*** RECORDED INFORMATION ***
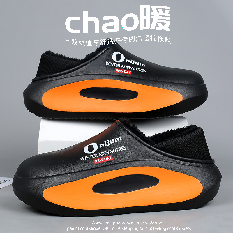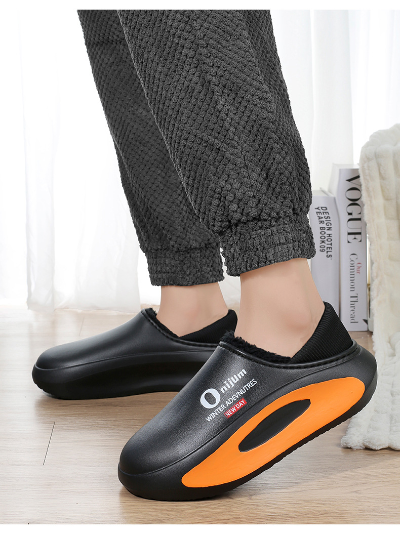 커플의 코튼 슈즈 겨울 새로운 의상 따뜻한 두꺼운 밑창 남성용 신발 기모 냉간 젠장 백 힐 코튼 슬리퍼 여성용 신발
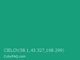 CIELCh 58.1,43.327,168.299 Color is a normal cyan color and the nearest color is Green Crayola #1cac78. Hex code #179e7b and RGB value is rgb(23,158,123). In RGB color space, this color is composed of 9% red, 62% green, 48% blue, In CMYK color space, this color is composed of 85% cyan, 0% magenta, 22% yellow , 38% black , In HSL color space, this color has a hue angle of 164° , 75% saturation and 35% lightness.
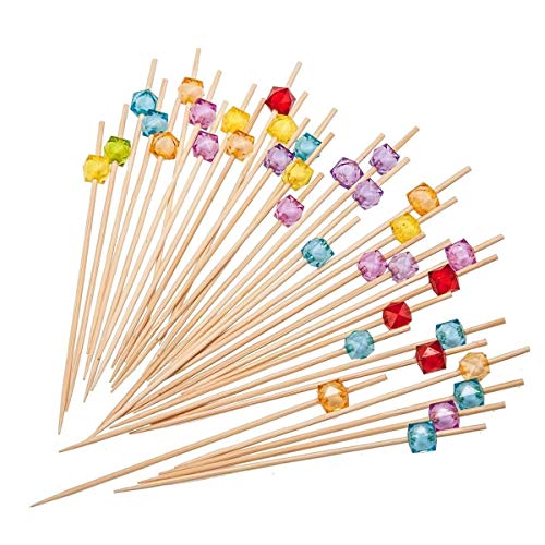 - 100 Counts Wooden Cocktail Picks with Multicolor Bead End. Length: 4.7inch
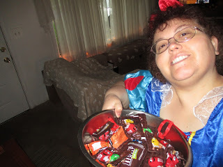 I had wanted to wear it somewhere to really make it count for growth and achievement, and there just wasn't anywhere to go. I had been thinking karaoke, but before Halloween I had been invited to another karaoke thing, so really, all I did was hand out candy. There were two things about that.
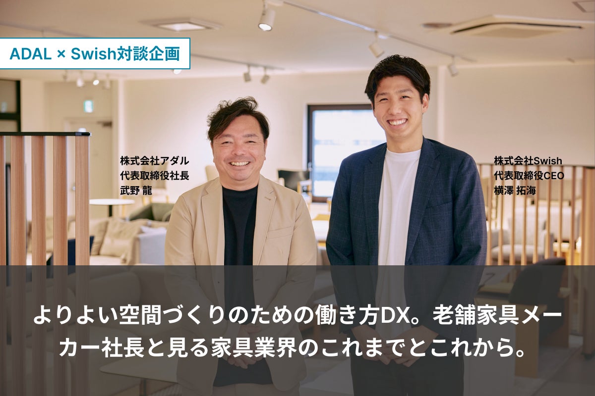 「空間づくりの常識をアップデートする。」をミッションに掲げる株式会社Swish(本社:東京都品川区、代表取締役CEO:横澤 拓海)は、株式会社アダル代表取締役社長・武野 龍氏とのスペシャル対談企画 前篇「よりよい空間づくりのための働き方DX。老舗家具メーカー社長と見る家具業過のこれまでとこれから。」を公開したことをお知らせします。
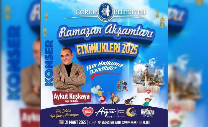 Ramazan ayının son haftalarına yaklaşırken Çorum Belediyesi hız kesmeden programlara devam ediyor. Geleneksel hale gelen "Ramazan Akşamları" programı, bu sene de dolu dolu içeriğiyle, 21 Mart Cuma akşamı saat 21.00’de Çorumpark’da Sanatçı Aykut Kuşkaya kendisine has üslubuyla güzel bir konser verecek. 22 Mart Cumartesi akşamı ise Prof. Dr. Mehmet Emin Ay ve Doç. Dr. Mustafa Demirci’nin seslendireceği ilahi ve tasavvuf eserleriyle halkın karşısına çıkacak.
*** End of RECORDED INFORMATION ***
_WORK INSTRUCTION_:
Print the listing above in full, exactly as written. Omit any pictures.

_RESPONSE FOR THIS EXERCISE_:
 커플의 코튼 슈즈 겨울 새로운 의상 따뜻한 두꺼운 밑창 남성용 신발 기모 냉간 젠장 백 힐 코튼 슬리퍼 여성용 신발
 CIELCh 58.1,43.327,168.299 Color is a normal cyan color and the nearest color is Green Crayola #1cac78. Hex code #179e7b and RGB value is rgb(23,158,123). In RGB color space, this color is composed of 9% red, 62% green, 48% blue, In CMYK color space, this color is composed of 85% cyan, 0% magenta, 22% yellow , 38% black , In HSL color space, this color has a hue angle of 164° , 75% saturation and 35% lightness.
 - 100 Counts Wooden Cocktail Picks with Multicolor Bead End. Length: 4.7inch
 I had wanted to wear it somewhere to really make it count for growth and achievement, and there just wasn't anywhere to go. I had been thinking karaoke, but before Halloween I had been invited to another karaoke thing, so really, all I did was hand out candy. There were two things about that.
 「空間づくりの常識をアップデートする。」をミッションに掲げる株式会社Swish(本社:東京都品川区、代表取締役CEO:横澤 拓海)は、株式会社アダル代表取締役社長・武野 龍氏とのスペシャル対談企画 前篇「よりよい空間づくりのための働き方DX。老舗家具メーカー社長と見る家具業過のこれまでとこれから。」を公開したことをお知らせします。
 Ramazan ayının son haftalarına yaklaşırken Çorum Belediyesi hız kesmeden programlara devam ediyor. Geleneksel hale gelen "Ramazan Akşamları" programı, bu sene de dolu dolu içeriğiyle, 21 Mart Cuma akşamı saat 21.00’de Çorumpark’da Sanatçı Aykut Kuşkaya kendisine has üslubuyla güzel bir konser verecek. 22 Mart Cumartesi akşamı ise Prof. Dr. Mehmet Emin Ay ve Doç. Dr. Mustafa Demirci’nin seslendireceği ilahi ve tasavvuf eserleriyle halkın karşısına çıkacak.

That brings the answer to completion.